My introduction to cyclocross racing in Oregon was a swift one. Egged on by good friends, I entered first a few B races, but quickly ascended to the A ranks. Finally a form of racing that rewarded my goofy side! I mean, really, riding a skinny-tired, roadish bike, off-road, on single track, jumping off to run over barriers and up hills, in the mud, and smiling the whole way? I took beer hand-ups, went for dollars, high-fived. I adopted the trend of wearing wacky tall socks. From mid-pack late in the race, I would do the wave over the barriers - a maneuver in which the rider, rather than pick up the bike under arm or over shoulder, hoists it into the air overhead as if doing the wave at a baseball game. Because cyclocross is a Joyride for me, as much a form of entertainment as it is a race.

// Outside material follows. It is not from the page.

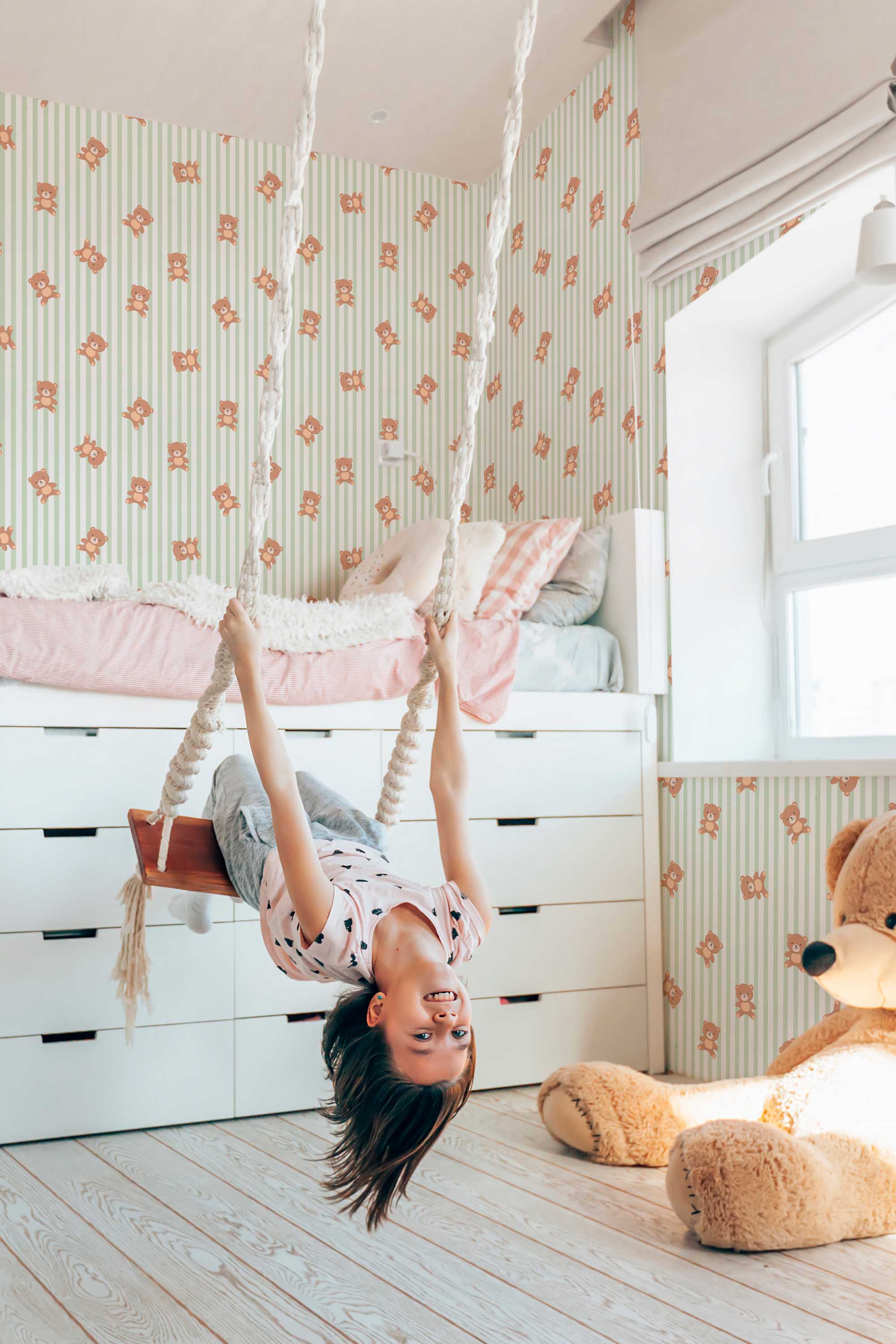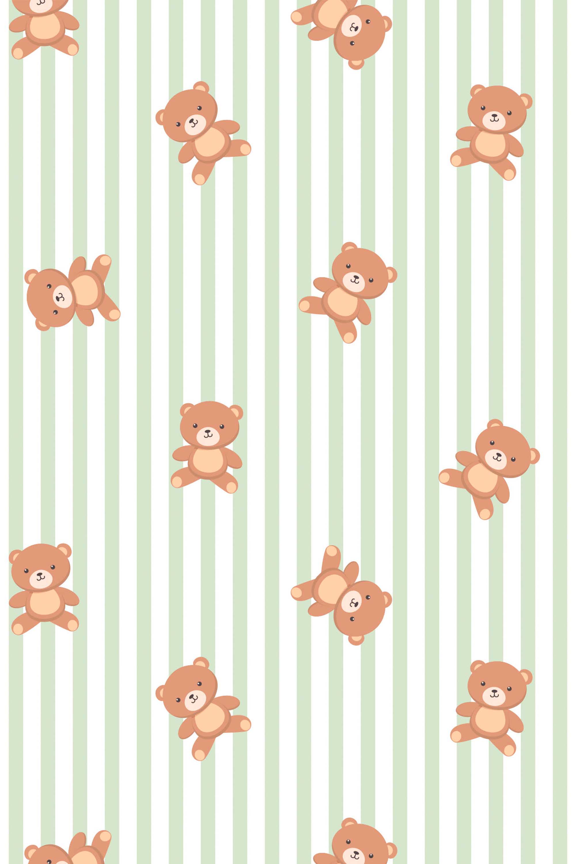 Teddy Bear Striped Wallpaper brings soft boho charm to your nursery with gentle beige stripes, a calming sage palette, and adorable teddy bear accents. The warm tones create a cozy, neutral atmosphere that feels sweet and timeless for little ones. Its simple details add personality without overwhelming the space, making it ideal for calm, playful nursery moments.

An excellent demonstration of "the wave" by a friend.
My next ride?
And, so, on the eve of the beginning of the Bubba Series in St. Louis, I finally myself a little sad. While on a training cyclocross ride last weekend, I was working on skills for riding in the mud, taking turns at speed, etc., and in a moment of lost concentration, I slipped the front wheel on a particularly greasy patch of mud and went down hard and immediate. I emerged with a bruised, swollen, and broken right hand. A clean break in a bone so connected as to not necessitate a cast, the only healing advice - "let pain be your guide and load up on the calcium". Still, it is to tender to ride and risk worse, so I will be the one offering hand-ups, dollars, and left-handed high-fives at this weekend's 'cross race.

Why is it that when I can't ride because of injury, the only thing I want to do is ride?! enJoy-(your)-Ride! I'll be back out there soon.